Training customers to ignore your emails

Originally posted on DealerRefresh

If you ask your Internet leads for a phone number before answering their question or providing a price, you’re doing it wrong. And how many damn times do you need to be told this 101 crap?

That’s my summation on this article. If your initial email response is to provide a price with other vehicle options you can stop reading now because you’re doing it right.

For the other 99.99999% of dealers hang on my every word.

Read a few of your BDC’s, your Internet manager’s, and your sales agents’ outbound emails. If it doesn’t make you puke then you’re not thinking about things like a consumer. I know, I’ve been guilty of doing that too.

Having been born into a dealership, I couldn’t appreciate the world of a customer until I became one. As a dealermy mind was always focussed on slamming a customer through our process as fast as possible. I was so wrong.

I am in the market for 2 used cars. My wife has been hunting and I’ve been contacting the dealers with the cars she likes. We are over 30 leads submitted and only 1 dealer has responded answering the comments I left in the lead form.

Questions I am asking:  
“What airport should I fly into to pick this car up?”  
“Can I see another photo of the rear passenger side seat?”  
“Can you cut me a break on this one and stock #XYX234 too?”

Sure, these aren’t your typical “is this your best price” question a lead asks, but they’re answerable questions without having to touch the desk.

Our hunt has taken us all over the country so the issue is nationwide, and not limited to no-name dealers the rest of us don’t know. I can only assume this is happening a lot.

Oh yeah, I have received 5 billion auto responders telling me how great the dealership is and another 2 million emails asking for my phone number. My mental reply to those 2 million phone number asks is “go F— yourself, you’re out.”

If you can’t bother to answer my question via email, I can’t bother to give you hounding privileges to my phone.

My story aside, customers have been trained to make a purchase online. That doesn’t mean they are expecting some digital retailing nonsense. It means they’re accustomed to getting all the purchase-decision-making information online.
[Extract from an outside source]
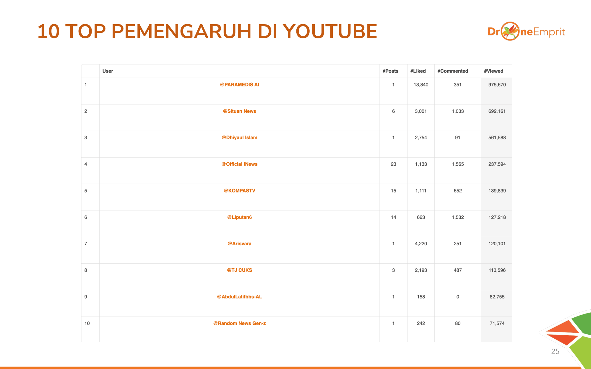 Konten visual dari Paramedis AI dan kanal berita seperti iNews serta KompasTV memimpin. Video edukasi dan laporan berita mendominasi, dengan campuran sentimen positif dan negatif.

In the car business that is done through your website and a digital conversation with someone at the store.

When your digital conversation starts with a request to move the conversation to a different medium, the customer didn’t contact you through, you’re telling the customer you are going to push them through your meat grinder process. Put nicer, you are training your customers to not respond to your emails.

If your email response rate is low, it ain’t due to an email deliverability problem at your CRM.